European Developments
- Eurozone governments will rack up deficits close to €1T as they increase spending to combat the economic impact of the pandemic. According to Financial Times calculations of draft budget plans, the eurozone will slide to an aggregate fiscal deficit of €976B equal to 8.9% of GDP this year. Governments estimated deficits would remain high in 2021 with expected aggregate shortfall to be under €700B or 6% of GDP. However, investors and policymakers alike are nonplussed about government spending and debt levels, indicative of a shift in attitude from supporting austerity to heavy borrowing.
- The European Fiscal Board called for EU countries to address weaknesses in the bloc’s Stability and Growth Pact before reapplying the currently suspended fiscal rules. The European Commission used a so-called escape clause to suspend the enforcement of the SGP, which imposes a 60% debt-to-GDP ceiling, due to the economic crisis caused by the pandemic. The Commission delayed a review of the controversial SGP with countries debating how to rewrite it.
Emerging Markets
- The Chinese economy expanded 4.9% in the third quarter with industrial growth powering its economic recovery. Though GDP expansion fell short of expectations, it was well ahead of the 3.2% increase in the second quarter. The state-backed industrial boom has led to industrial production increasing 6.9% in September, which is the same rate as in December before the virus outbreak. Retail sales rose 3.3% last month, their best performance this year. According to Eswar Prasad of Cornell University, “China is likely to be the sole major economy in the world to register positive growth this year.” China’s central bank governor estimated that the Chinese government will likely grow 2% this year.
Odds and Ends
- Nicole Bateman and Martha Ross write for Brookings on why COVID-19 has been especially harmful for working women.
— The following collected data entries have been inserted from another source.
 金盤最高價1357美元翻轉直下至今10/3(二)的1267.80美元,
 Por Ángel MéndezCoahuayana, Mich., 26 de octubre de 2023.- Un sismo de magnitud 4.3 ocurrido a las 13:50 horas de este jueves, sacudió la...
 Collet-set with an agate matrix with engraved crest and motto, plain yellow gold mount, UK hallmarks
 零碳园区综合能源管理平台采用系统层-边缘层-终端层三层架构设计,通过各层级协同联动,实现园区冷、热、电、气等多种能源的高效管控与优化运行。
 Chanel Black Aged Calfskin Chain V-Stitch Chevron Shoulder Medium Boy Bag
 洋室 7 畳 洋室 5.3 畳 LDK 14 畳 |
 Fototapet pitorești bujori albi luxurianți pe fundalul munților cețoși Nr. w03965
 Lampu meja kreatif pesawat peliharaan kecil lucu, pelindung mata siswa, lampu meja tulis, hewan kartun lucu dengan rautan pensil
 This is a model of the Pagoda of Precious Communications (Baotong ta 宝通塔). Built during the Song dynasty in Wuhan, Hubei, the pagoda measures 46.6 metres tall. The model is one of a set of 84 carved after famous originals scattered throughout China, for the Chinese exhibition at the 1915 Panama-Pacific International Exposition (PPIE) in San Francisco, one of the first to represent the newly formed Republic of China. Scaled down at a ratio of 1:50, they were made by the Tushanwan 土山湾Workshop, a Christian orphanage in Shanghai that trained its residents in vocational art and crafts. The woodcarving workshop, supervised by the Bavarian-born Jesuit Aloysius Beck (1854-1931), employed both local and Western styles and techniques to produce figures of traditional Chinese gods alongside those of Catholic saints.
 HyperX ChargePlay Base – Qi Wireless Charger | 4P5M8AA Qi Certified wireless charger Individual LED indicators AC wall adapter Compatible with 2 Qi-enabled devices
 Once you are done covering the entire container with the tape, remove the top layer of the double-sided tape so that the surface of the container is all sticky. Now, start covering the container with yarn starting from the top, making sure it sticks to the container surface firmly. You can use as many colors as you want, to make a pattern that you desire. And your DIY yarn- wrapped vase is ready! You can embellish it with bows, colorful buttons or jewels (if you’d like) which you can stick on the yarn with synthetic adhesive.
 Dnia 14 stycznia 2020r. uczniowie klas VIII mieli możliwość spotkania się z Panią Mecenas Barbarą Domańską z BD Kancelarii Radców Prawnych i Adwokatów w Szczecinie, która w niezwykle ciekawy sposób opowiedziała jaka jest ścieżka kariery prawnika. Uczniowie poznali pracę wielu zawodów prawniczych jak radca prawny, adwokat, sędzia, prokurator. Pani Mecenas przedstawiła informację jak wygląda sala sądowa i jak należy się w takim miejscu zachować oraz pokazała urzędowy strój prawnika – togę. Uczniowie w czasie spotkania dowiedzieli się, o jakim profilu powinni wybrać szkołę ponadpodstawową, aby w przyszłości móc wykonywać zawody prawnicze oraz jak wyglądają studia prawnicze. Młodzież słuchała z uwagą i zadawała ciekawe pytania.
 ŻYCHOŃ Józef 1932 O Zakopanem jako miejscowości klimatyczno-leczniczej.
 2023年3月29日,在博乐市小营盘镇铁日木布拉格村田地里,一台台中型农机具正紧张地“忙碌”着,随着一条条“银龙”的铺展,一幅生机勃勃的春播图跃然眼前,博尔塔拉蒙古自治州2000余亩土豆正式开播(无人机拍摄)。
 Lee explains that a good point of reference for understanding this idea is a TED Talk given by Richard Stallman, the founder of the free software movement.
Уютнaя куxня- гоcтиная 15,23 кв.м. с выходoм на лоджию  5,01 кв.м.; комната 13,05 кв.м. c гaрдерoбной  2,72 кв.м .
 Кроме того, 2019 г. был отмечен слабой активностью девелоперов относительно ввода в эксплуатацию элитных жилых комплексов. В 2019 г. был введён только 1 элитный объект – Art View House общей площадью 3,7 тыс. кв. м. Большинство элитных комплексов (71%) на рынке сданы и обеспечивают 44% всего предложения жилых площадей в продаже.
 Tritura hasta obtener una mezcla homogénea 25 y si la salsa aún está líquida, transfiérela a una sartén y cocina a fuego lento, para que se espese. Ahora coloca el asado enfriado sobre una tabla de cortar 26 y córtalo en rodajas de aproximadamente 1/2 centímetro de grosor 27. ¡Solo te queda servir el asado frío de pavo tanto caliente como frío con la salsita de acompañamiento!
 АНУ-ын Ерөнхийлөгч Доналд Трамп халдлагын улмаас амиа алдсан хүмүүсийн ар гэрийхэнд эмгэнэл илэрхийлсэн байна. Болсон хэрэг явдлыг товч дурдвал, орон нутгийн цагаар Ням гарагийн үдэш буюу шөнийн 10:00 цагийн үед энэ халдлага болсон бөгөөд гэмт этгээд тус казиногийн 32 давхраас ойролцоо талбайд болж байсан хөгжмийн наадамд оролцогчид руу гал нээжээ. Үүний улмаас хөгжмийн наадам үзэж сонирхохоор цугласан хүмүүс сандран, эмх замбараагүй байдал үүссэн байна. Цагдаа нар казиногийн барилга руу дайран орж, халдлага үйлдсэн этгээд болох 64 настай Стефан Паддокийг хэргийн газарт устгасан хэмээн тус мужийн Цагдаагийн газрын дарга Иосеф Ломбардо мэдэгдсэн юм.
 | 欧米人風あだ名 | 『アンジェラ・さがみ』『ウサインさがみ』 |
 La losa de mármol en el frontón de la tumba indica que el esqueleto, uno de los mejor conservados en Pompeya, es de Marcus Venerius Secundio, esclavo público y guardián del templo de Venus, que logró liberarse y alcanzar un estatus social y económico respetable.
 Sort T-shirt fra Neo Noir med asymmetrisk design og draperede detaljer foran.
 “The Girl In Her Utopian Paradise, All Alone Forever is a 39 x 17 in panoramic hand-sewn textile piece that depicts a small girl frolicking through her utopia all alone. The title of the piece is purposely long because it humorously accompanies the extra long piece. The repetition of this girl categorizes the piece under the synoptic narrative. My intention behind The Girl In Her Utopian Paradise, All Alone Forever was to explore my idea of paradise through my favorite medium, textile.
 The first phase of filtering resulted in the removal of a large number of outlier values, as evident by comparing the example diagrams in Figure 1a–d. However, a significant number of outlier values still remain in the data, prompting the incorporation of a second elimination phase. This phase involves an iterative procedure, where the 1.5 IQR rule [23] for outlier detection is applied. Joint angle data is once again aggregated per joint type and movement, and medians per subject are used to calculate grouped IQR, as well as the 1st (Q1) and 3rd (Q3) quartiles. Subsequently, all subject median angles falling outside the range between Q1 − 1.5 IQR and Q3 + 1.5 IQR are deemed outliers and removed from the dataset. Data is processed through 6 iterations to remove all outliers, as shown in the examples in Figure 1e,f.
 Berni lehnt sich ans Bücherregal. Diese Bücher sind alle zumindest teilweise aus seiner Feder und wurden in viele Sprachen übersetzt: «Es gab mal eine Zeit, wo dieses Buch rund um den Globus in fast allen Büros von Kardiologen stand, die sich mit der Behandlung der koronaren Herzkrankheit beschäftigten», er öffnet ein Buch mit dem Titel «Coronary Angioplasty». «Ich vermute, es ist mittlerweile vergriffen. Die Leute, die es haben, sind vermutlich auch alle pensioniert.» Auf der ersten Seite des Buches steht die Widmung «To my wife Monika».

- Kevin Rudd argues in an oped for Project Syndicate that governments should increase foreign development spending during the pandemic to help emerging and developing economies.
- Emily Stewart writes in Vox how the U.S. gave up on fighting the pandemic and saving the economy.
- Raphael Bostic, Atlanta Fed President, stated that the Fed has an important role to play in addressing economic inequalities and disparities. He argues that “we [the Fed] need to participate in a deeper, more creative reckoning with a history of racial injustice that continues to weaken the economy for all of us.”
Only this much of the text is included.